JUNE TABOR, IAIN BALLAMY, HUW WARREN – QUERCUS / ECM 2276 player
It's Quercus' intriguing allegiance to tradition, while at the same time stretching the music's boundaries harmonically, that makes this such a compelling group.
John Kelman, All About Jazz
The trio Quercus delivers profound and moving interpretations of traditional and non-traditional song on its debut album, approaching the heart of the material by unorthodox routes. In this unique group, the dark voice of the great English folksinger June Tabor is framed and supported by the quietly adventurous arrangements and subtle improvisations of Iain Ballamy and Huw Warren. Warren has worked with Tabor for 25 years already and made important contributions to her albums. “His piano”, The Guardian has observed, “has teased out the deeper autumnal colours in Tabor’s range.” The nature of their association in Quercus is different, however. This is very much a collaborative band. Together and from different vantage points singer, saxophonist and pianist explore the emotional core of the songs. Most importantly, the songs and the words are respected as instrumental skills and melodic imaginations are harnessed to illuminate them.
The first part of “Come Away Death”, for instance, based upon Shakespeare’s text from Twelfth Night, finds Ballamy’s tenor sax chanting with the vocal line. “One of the things I’m trying to do in Quercus”, Ballamy says, “is to make one sound with June’s voice. It’s a matter of tone and precise control of volume. When you have music in tune and deeply blended at the source like that it can be very powerful in the moment. As a goal, that’s much more interesting to me than the execution of a clever solo.” The second half of the piece is Ballamy’s instrumental setting of the text, saxophone and piano dancing to an iambic beat.
In common with most of Tabor’s work, material selected does not shy from life’s big topics: death, war and betrayal are themes here, but also love, fidelity and reunion. The album opens tenderly with Robert Burns’ “Lassie Lie Near Me”, but before long the transitory nature of happiness is captured in A.E. Housman’s World War I poem “The Lads In Their Hundreds” set to George Butterworth’s music in an arrangement by Ballamy. Warren’s solo piece “Teares”, channeling Dowland, is an appropriate response…

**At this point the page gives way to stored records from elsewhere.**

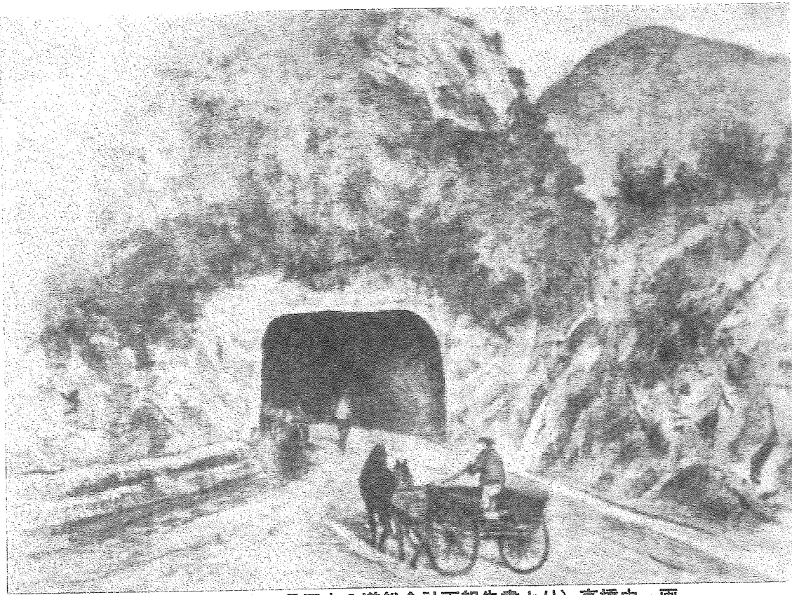
栗子隧道西口図 (2002 : 山形県歴史の道総合計画報告書より) 高橋由一画
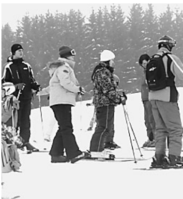
Kóstoló a téli sportból
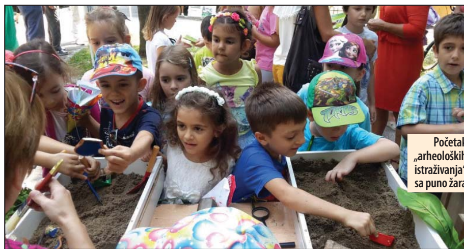
Početak „arheoloških istraživanja“ sa puno žara

Kreativna radionica „Kopanje po prošlosti - arheologija za decu“
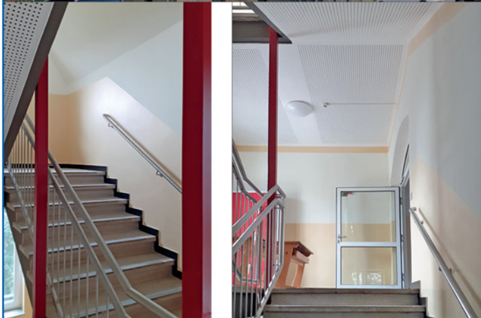
Ansicht Treppenhaus - Neuanstrich, Erneuerung Beleuchtung
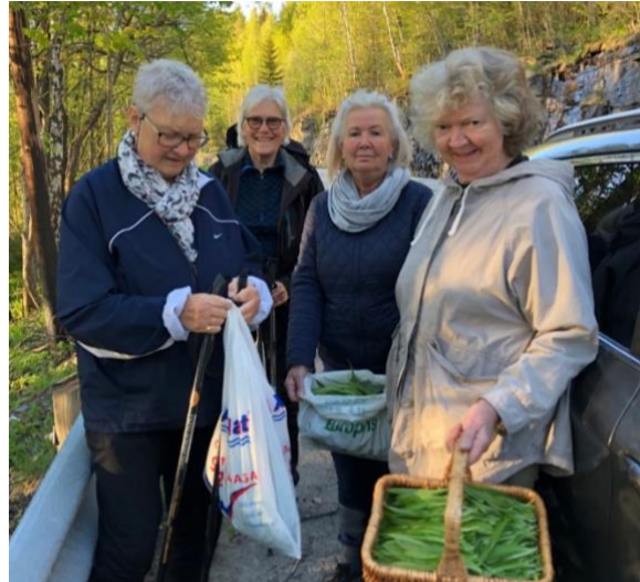
Vårens ramsløktur til Lier var en stor suksess.
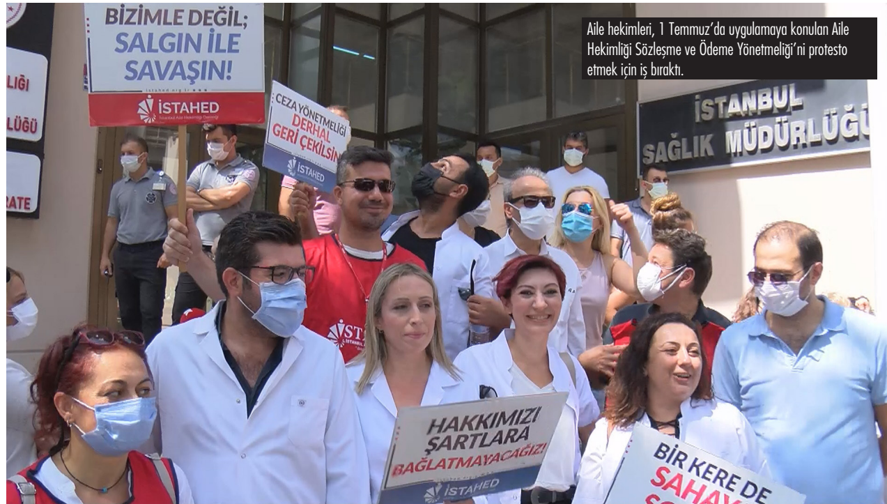
Aile hekimleri, 1 Temmuz'da uygulamaya konulan Aile Hekimliği Sözleşme ve Ödeme Yönetmeliği'ni protesto etmek için iş bıraktı.

Artan hayat pahalılığı ile başa çıkamayan emekçiler borçla yaşıyor. 34 milyon kişi bankalara borçlu durumda, 3 buçuk milyon kişi ise borcunu ödeyemediği için problemli durumda. Mutfaktaki yangını söndüremeyen emekçiler bankalarla yaptıkları kredi anlaşmalarıyla market alışverişi yapıyorlar. Yani zaten küçük miktarda olan ücretler de bankaların ipoteği altında.

The chamber music precision of Quercus’ performance belies the fact that it was recorded live at the end of a British tour in 2006, at the Anvil in Basingstoke. (As Ballamy recalls, “the piano was excellent, the acoustics in the hall were good, and nobody coughed.”) The tapes were mixed in Oslo in 2012 by Manfred Eicher and Jan Erik Kongshaug, together with Ballamy and Warren.
An important figure in British music since the 1960s, June Tabor first attracted attention singing unaccompanied traditional songs in the folk clubs (The present disc includes a beautiful solo performance of “Brigg Fair”). Tabor’s distinguished discography has emphasized the primacy of traditional material but she has proven to be a gripping interpreter of songs from many sources. The recipient of a number of prizes, she swept the BBC’s Folk Awards in 2012 winning prizes as folk singer of the year, and album and track of the year prizes for her collaborations with Oysterband on “Ragged Kingdom” (Topic Records). “June Tabor’s repertoire has never been blinkered by a quest for authenticity: she has covered all territories from Weimar ballads via jazz to the most trad of trad English folk. And yet, the sense of scholarship that she brings to her work never lets you forget that you are listening to, perhaps, the greatest interpreter and curator of indigenous British music”, said Chris Jones of BBC Online.
Iain Ballamy’s been a major contributor to aspects of improvised music in Britain for three decades, leading his own quartet at Ronnie Scott’s when just 20. He was a co-founder of Loose Tubes, the innovative large ensemble, in 1984, has had long playing associations with Django Bates and Billy Jenkins and has played with many major figures in international jazz including Hermeto Pascoal, Gil Evans, Dewey Redman, Mike Gibbs and more. In 2001 he was awarded the BBC Radio 3 special award for innovation at the British Jazz Awards. He is well-known to ECM listeners for his work with the experimental group Food of which he is co-leader with Thomas Strønen (albums include “Quiet Inlet” and “Mercurial Balm”). Other current projects include a saxophone and button accordion duo with Stian Carstensen, and the jazz quartet Anorak with Gareth Williams, Steve Watts and Martin France. Ballamy’s invitation to play on June Tabor’s album “At The Wood’s Heart”, as well as collaboration with Huw Warren in a number of contexts, led to the formation of Quercus.
Welsh-born Huw Warren played cello and organ before attending Goldsmiths College in London where he studied with John Tilbury, the experimental pianist associated with AMM and post-Cage new music. Warren subsequently became involved in both jazz and avant garde scenes and his work since has roved fearlessly through the genres. He co-led the jazz group Perfect Houseplants, produced early music projects with Andrew Manze and the Orlando Consort, toured widely with the Creative Jazz Orchestra, and in recent seasons has collaborated with Maria Pia de Vito, Mark Feldman, Ralph Towner and many others. As a session player he has worked with Billy Bragg, Elvis Costello, Eddi Reader and more. Huw Warren has been pianist and musical director for June Tabor since 1988.